(Problem):
Nothing but the lines below from the one that contains "Беспроводной дверной звонок, влагощащенная" through the one that contains "Gioco da tavolo" should be retyped, exactly and including both ends. Do not include pictures.

Records excerpted from a collection:
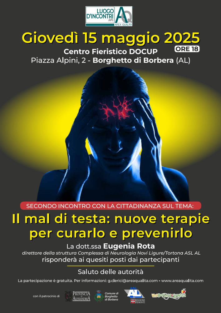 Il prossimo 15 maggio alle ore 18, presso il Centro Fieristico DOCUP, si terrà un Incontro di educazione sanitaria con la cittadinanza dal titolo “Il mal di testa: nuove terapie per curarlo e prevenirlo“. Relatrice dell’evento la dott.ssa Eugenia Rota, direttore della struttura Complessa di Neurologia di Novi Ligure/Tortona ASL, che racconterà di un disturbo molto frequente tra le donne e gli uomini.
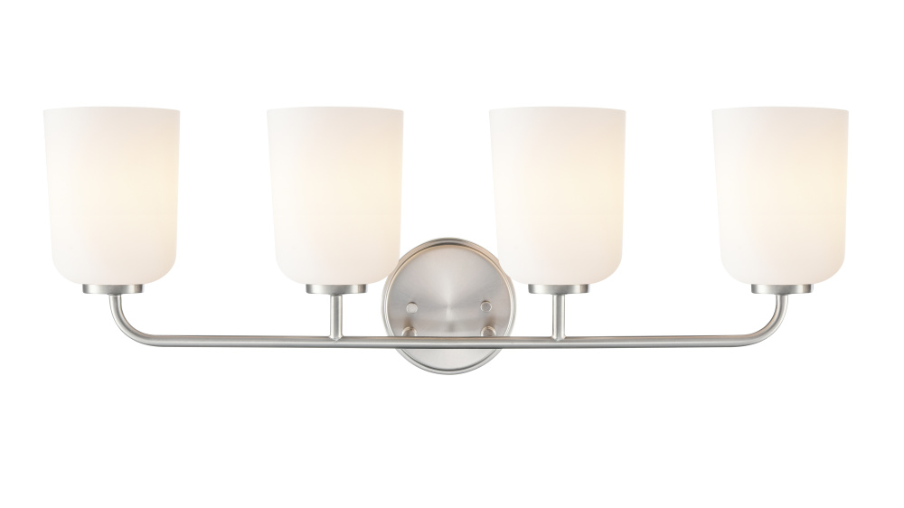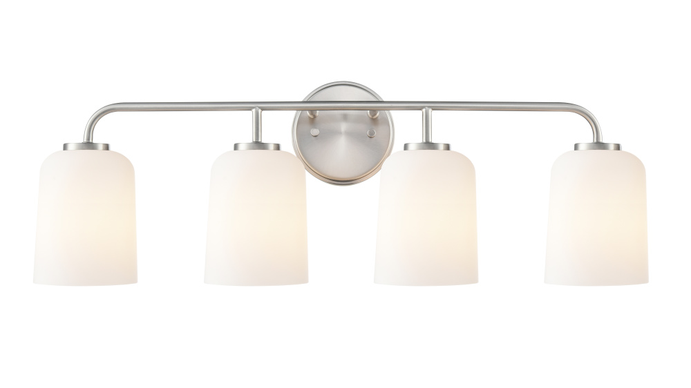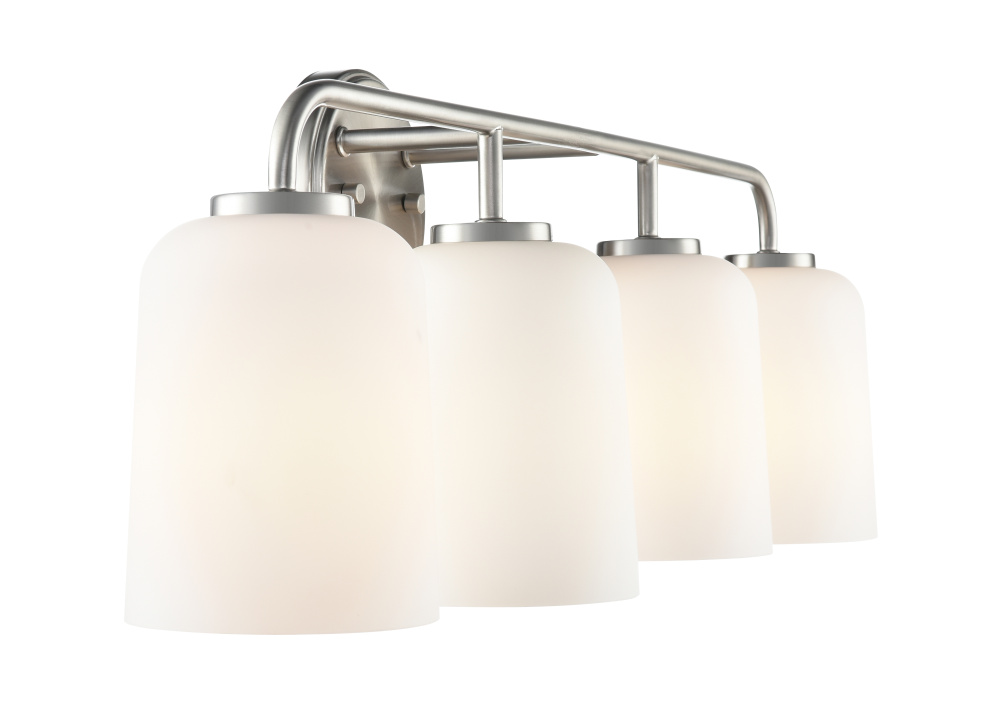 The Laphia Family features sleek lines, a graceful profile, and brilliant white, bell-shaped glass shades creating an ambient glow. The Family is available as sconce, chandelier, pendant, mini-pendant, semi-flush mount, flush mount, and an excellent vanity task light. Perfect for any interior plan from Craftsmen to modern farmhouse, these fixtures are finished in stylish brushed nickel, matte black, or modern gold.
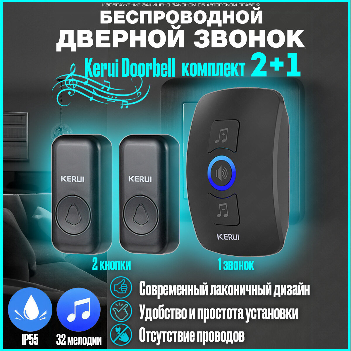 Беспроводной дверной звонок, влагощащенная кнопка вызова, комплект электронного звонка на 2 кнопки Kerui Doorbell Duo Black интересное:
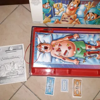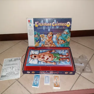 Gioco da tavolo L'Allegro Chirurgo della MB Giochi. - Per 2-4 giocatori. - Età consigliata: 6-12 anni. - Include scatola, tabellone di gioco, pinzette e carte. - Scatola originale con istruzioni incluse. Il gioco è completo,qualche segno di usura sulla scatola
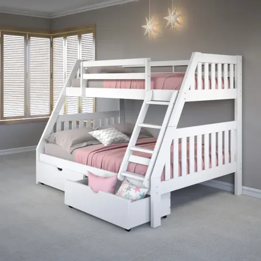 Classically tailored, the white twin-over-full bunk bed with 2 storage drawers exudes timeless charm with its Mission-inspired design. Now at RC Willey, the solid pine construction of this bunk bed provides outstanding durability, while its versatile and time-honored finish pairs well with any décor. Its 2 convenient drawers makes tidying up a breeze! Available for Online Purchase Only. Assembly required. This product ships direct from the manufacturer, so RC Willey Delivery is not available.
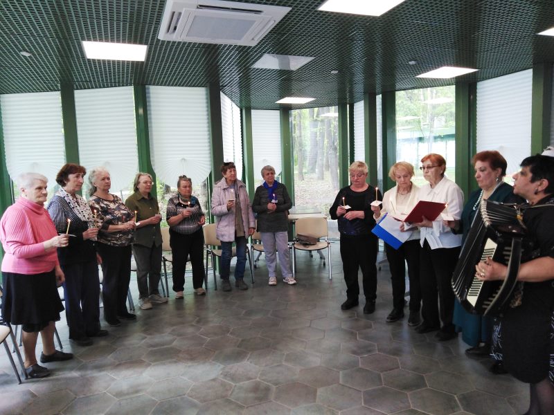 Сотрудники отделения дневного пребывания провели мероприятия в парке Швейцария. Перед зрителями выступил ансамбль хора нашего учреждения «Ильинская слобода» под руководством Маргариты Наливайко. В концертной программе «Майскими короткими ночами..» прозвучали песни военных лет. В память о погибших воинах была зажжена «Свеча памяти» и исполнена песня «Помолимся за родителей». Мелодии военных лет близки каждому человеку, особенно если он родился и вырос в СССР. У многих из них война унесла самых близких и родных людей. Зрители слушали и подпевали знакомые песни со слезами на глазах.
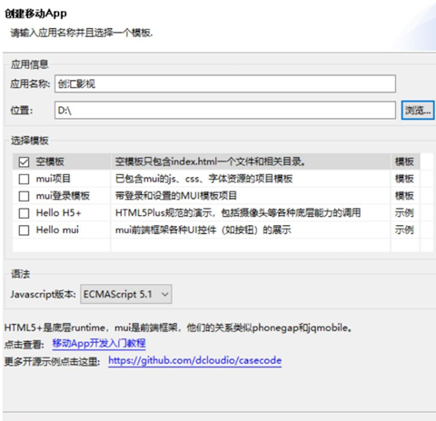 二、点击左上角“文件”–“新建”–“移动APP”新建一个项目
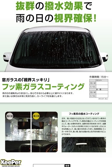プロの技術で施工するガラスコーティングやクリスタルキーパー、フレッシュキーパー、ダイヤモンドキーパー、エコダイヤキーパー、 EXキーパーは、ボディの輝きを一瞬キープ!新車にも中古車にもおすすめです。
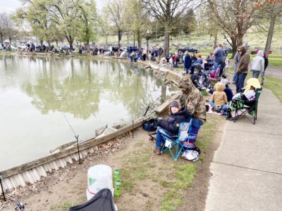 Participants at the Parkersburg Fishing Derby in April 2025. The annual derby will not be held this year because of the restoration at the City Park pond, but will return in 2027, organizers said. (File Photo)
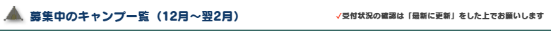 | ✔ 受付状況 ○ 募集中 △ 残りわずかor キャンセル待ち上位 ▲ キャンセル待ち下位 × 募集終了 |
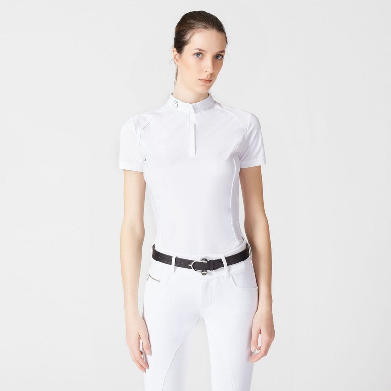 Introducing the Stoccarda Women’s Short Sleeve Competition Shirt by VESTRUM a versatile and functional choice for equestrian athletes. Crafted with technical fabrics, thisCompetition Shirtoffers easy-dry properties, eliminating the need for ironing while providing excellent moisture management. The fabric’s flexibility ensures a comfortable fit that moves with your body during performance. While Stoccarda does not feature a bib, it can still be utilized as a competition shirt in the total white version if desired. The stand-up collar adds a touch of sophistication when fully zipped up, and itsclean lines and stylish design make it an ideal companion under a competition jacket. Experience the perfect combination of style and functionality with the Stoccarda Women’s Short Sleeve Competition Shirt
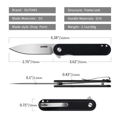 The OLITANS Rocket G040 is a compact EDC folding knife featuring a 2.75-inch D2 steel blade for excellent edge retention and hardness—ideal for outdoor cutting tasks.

(Task output):
 Беспроводной дверной звонок, влагощащенная кнопка вызова, комплект электронного звонка на 2 кнопки Kerui Doorbell Duo Black интересное:
 Gioco da tavolo L'Allegro Chirurgo della MB Giochi. - Per 2-4 giocatori. - Età consigliata: 6-12 anni. - Include scatola, tabellone di gioco, pinzette e carte. - Scatola originale con istruzioni incluse. Il gioco è completo,qualche segno di usura sulla scatola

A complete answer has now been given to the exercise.